Oh hey you're absolutely right, the only way she could prophesise in her sleep is if the monitoring device was already there. I guess maybe Dumbledore wants to increase the likelihood that prophesies for him happen when noone else is around, so having the listening device there at night gives her 8 extra hours a day during which only Dumbledore is listening. Then again, maybe the author didn't consider that line of reasoning at all, or maybe it's just a clock. :)
Gonna be a blank slate, gonna wear a white cape.

User avatar
Loadstone
Posts: 21
Joined: Wed Aug 24, 2011 5:21 pm UTC
Location: TX, USA

Re: Harry Potter and the Methods of Rationality

Postby Loadstone » Wed Feb 15, 2012 5:18 pm UTC

I found an unexpected case of continuity in my last read through, and a possible time travel exploit based on it.

Spoiler:
Recall that during the attempt to factor large numbers using the Time Turner, Harry receives the message "DO NOT MESS WITH TIME". Also, recall that following the rescue from Azkaban, it is emphasized that not only is a Time Turner restricted to 6 hours use per day, but that not even information from more than 6 hours in the future can be known.

It seems that one possible explanation for the Time Warning is that Harry understood the algorithm too well. By this, I mean that Harry knows that if he sees a paper with the numbers 103*105, he KNOWS that time loops 101*(101 through 999) failed, and 103*(101 through 103) failed. This knowledge would require much more than 6 hours to accumulate through the algorithm.

The 2 numbers that Harry passes back can be replaced by n1 and n2. The algorithm described uses (2n1 + 101) * (2n2 + 101), where n1, n2: [0, 449], and Harry uses initial conditions n1 = n2 = 0, and increments n2 until it reaches 449, then increments n1 and resets n2 to 0. As I said above, Harry knows that if n1 != 0 or n2 > 5, at least 6 iterations failed, which provides future knowledge which can't be known.

The exploit would involve generating a list in which:
[*] rotates through all values 0 through 449 without repeating any values, where each value points to exactly one other value
[*] does the above in a way which Harry doesn't know, so Harry can receive any set of numbers and have no knowledge of previous iterations
[*] has a single number marked (explained below)
[*] an example of such a list would be xi = xi-1 + 7 (mod 450) since 7 and 450 are relatively prime

Harry would then use the following algorithm: if the paper is blank, pick any two numbers in [0, 449] and write them down. If the paper is not blank, convert the 2 numbers (2n + 101) and multiply them. If they equal the number, write the same values down. If they do not equal the number, consult the list and look ONLY at the number with value n2. Write down the value pointed to by that number as the new n2. If the value is marked, find the number with value n1 and write the value pointed to by that number as the new n1, else write down the current n1.
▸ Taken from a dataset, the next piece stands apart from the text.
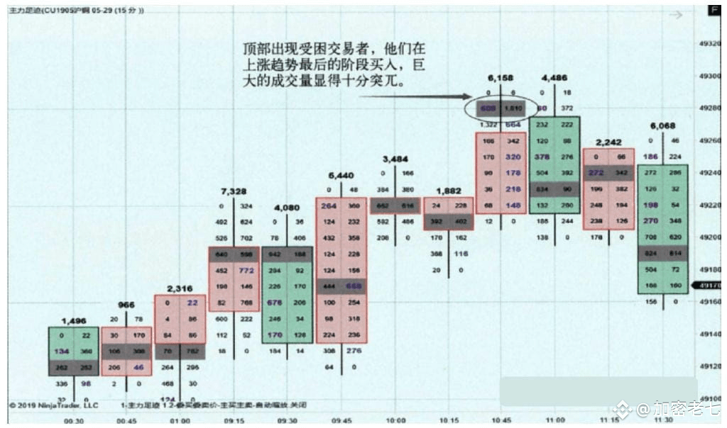 另外,当我们在订单流工具中发现,如果一根在相对高位的K线,其顶部只有多单而没有空单,也通常是见顶的信号,因为我们订单成交机制是一个空单一个多单一一对应,当缺乏空单时,说明空方认为价格无法继续走高,所以不会选择在更高的位置做空。
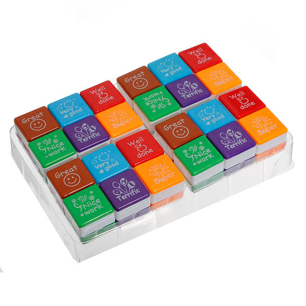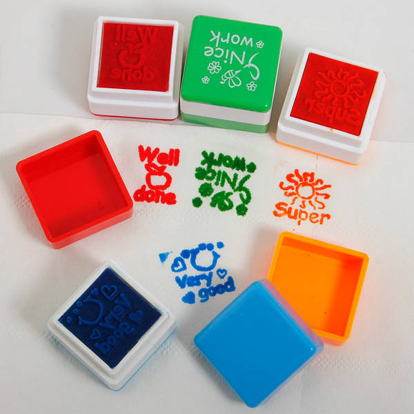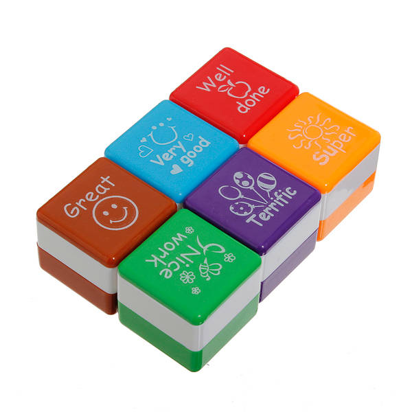 Description : 6Pcs Teacher Stamper Self Inking Reward Stamps Motivation Sticker A group of six colors, six kinds of patterns, don't need another with inkpad,long service life It Is suited to teachers and parents to encourage children. Encourage language include: well done,great,super,very good,nice work,terrific Specification : Material: Outer is plastic Size: APP 2.5cm x 2.5cm x 2.3cm Package includes : 6 x Reward Stamps Motivation Sticker Stampers Detail Pictures :

Such a scheme would guarantee all possible combinations are checked, but so long as Harry doesn't know how the list is constructed, he won't have information from more than 6 hours in the future. One concern would be that if n1 doesn't match what Harry would've picked (since he'd always pick the same numbers in a given situation), Harry might suspect that several iterations have passed, enough to loop n1. But Harry can't be sure that the previous value of n2 caused n1 to change, so he actually doesn't have any future information.


What do you think? I hope I explained it clearly enough (I probably went way overboard on the explanation in my attempt to be thorough).
"The only people who think children are carefree are the ones who've forgotten their own childhood." - OSC (who else?)

HonoreDB
Posts: 161
Joined: Tue Feb 06, 2007 4:32 pm UTC
Contact:

Re: Harry Potter and the Methods of Rationality

Postby HonoreDB » Wed Feb 15, 2012 6:13 pm UTC

That's pretty clever. I think the heart of it is the idea that the final loop should seem like it could be the first loop, even though it's improbable.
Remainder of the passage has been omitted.